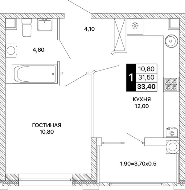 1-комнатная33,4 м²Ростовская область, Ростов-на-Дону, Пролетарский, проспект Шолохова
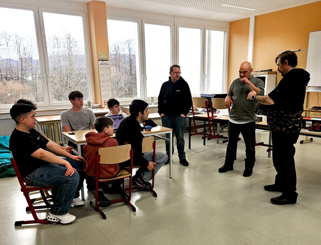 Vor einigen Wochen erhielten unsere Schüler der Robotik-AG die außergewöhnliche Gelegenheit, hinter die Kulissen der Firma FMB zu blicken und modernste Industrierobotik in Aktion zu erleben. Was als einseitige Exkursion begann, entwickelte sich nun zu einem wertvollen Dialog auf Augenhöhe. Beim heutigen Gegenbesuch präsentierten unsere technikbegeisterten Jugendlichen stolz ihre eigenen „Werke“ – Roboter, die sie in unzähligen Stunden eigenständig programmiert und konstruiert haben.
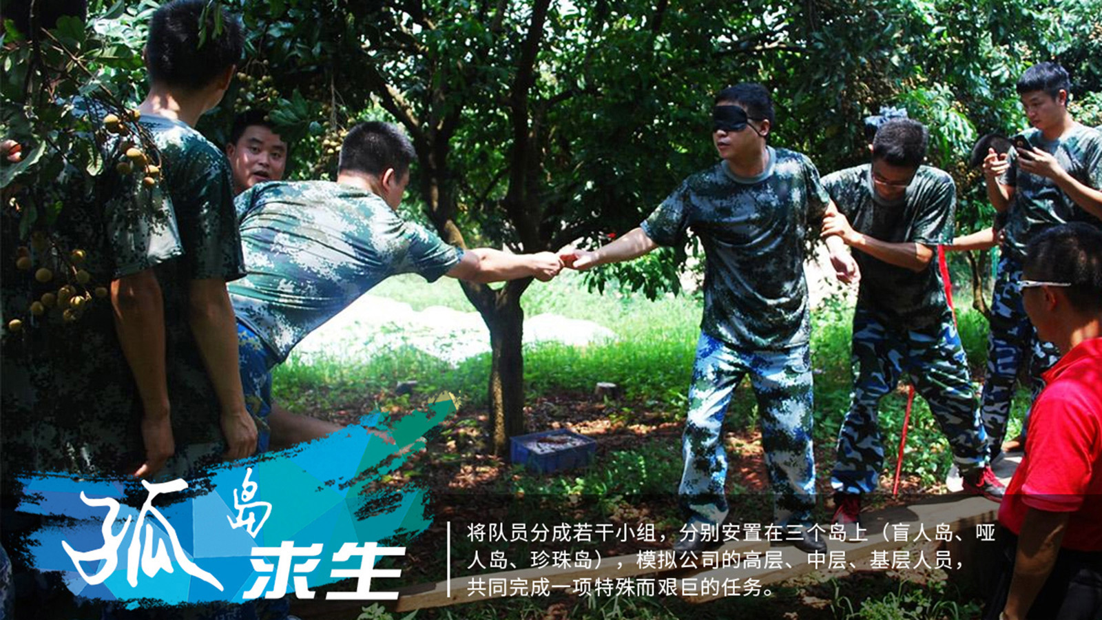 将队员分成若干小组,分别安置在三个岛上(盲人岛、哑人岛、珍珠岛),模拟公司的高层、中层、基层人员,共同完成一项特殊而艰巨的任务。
* * *
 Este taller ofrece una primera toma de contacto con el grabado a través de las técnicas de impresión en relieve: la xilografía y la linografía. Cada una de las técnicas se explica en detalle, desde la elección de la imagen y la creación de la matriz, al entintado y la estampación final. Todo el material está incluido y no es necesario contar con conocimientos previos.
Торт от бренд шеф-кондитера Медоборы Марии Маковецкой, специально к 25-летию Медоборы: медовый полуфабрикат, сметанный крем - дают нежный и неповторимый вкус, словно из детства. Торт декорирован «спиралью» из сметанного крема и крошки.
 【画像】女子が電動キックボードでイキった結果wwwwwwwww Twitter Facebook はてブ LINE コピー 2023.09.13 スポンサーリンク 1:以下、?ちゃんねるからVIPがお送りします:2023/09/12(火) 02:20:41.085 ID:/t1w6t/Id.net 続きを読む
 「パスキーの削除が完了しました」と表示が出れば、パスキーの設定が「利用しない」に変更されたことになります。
* * *
Aim of the task -> In the records above, copy exactly everything from the line that has "Пролетарский, проспект Шолохова" down to the line that has "将队员分成若干小组,分别安置", both ends included, and leave out the pictures.

Solution for this task ->
 1-комнатная33,4 м²Ростовская область, Ростов-на-Дону, Пролетарский, проспект Шолохова
 Vor einigen Wochen erhielten unsere Schüler der Robotik-AG die außergewöhnliche Gelegenheit, hinter die Kulissen der Firma FMB zu blicken und modernste Industrierobotik in Aktion zu erleben. Was als einseitige Exkursion begann, entwickelte sich nun zu einem wertvollen Dialog auf Augenhöhe. Beim heutigen Gegenbesuch präsentierten unsere technikbegeisterten Jugendlichen stolz ihre eigenen „Werke“ – Roboter, die sie in unzähligen Stunden eigenständig programmiert und konstruiert haben.
 将队员分成若干小组,分别安置在三个岛上(盲人岛、哑人岛、珍珠岛),模拟公司的高层、中层、基层人员,共同完成一项特殊而艰巨的任务。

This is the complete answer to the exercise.